Kayvan Tahmasebian and Rebecca Ruth Gould

Nima Yushij, better known simply as Nima, challenged the inflexible abstract forms and structures of classical Persian poetry that were still dominant when he began writing through his objective descriptions and symbolist narrative poems. Nearly all currents of modernist Persian poetry have defined themselves in terms of the new poetics Nima developed in his letters and diaries, entitled Harf-ha-ye hamsayeh (Neighbor’s words). Nima’s poems were only gathered into a collected edition after his death, first by Sirus Tahbaz in 1991 and later by Sharagim Yushij in 2018.

“Before My Cabin” is one of Nima’s last poems, written circa 1956-1957. The poem bears the traces of the poet’s disillusionment following the CIA-orchestrated coup of 1953, which resulted in the replacement of democratically-elected Prime Minister Mosaddeq by Mohammad Reza Pahlavi. It is typical of several other poems the poet wrote after the coup and in the years leading up to his death, including “It is night [Hast shab]” and “My Steel Heart [Del-e fuladam].”

The poetic aura of “Before My Cabin” — and the translational challenges that it poses — is created by the echoing of the key word bikhod (literally “without self”) throughout the poem. The word is multivalent, meaning “in vain,” “self-less,” “inane,” and “emptily” at the same time. All of these meanings cannot be captured in a single English word. We have opted for “inane” because it mirrors the syllabic structure of bikhod, and incorporates a negative prefix into its internal structure just like the original term. Apart from these denotations, bikhod also has an undertone of resentment, ennui, and lack of interest.

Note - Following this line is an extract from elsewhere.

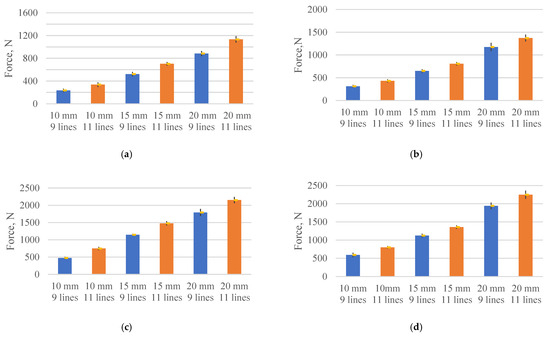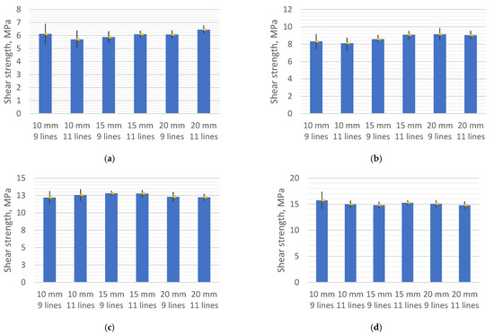 During the experiment, all samples were successfully separated. None of the samples was broken above or below the shear area. This means that the average tensile strength of the test structure was not exceeded during the test; the average tensile strength of the composite material was determined experimentally and accounted for approximately 204 MPa. The test resulted in finding out the force necessary for the separation of the specimen. Detailed results are presented in Figure 4, having them grouped according to the printing line width and the layer height. Results of the samples with 9 lines per width are presented in blue colour, while results of samples with 11 lines are presented in orange colour. As can be seen from the diagrams in Figure 4, the main factors having an influence on the value of the shear force are the overlap length and number of lines. Obviously, these two parameters also directly affect the shear area. Assessing how the results change when the sample layer height decreases from 0.4 mm to 0.3 mm, it can be seen that the amount of force required for separation increases significantly. The average shear force is 235.6 N for samples printed using 1.2 mm–0.4 mm (line width-printing layer height) parameters, nine printing lines, and nominal overlap length of 10 mm (Figure 4a); however, when the layer height changes to 0.3 mm, the shear force increases to 470.33 N (Figure 4c). The change of the layer height from 0.4 mm to 0.3 mm allows increasing the shear force about two times. A similar upward tendency is observed in the sample groups printed with the different layer heights and with a constant line width of 1 mm. For example, the shear force increases from 314 N to 593.3 N or 88 percent for samples with nine lines and 10 mm overlap length when the layer height changes from 0.4 to 0.3 mm. This upward tendency does not depend on the shear area, the number of printing lines, or the overlap length, and remains approximately the same in all sample groups, as seen in Figure 4.

With this word choice, the poet masterfully enacts the tension between narrative voice and the poetic description in which the former intervenes to cancel out the latter: as soon as an image of beauty and nostalgia is formed, it is immediately dispelled by the peremptory bikhod. Two words — lam and ayish — are taken from the local dialect of northern Iran and evoke Nima’s Mazanderani origins. We have translated them by the non-dialectal English words “prickly vine,” and “fallow.”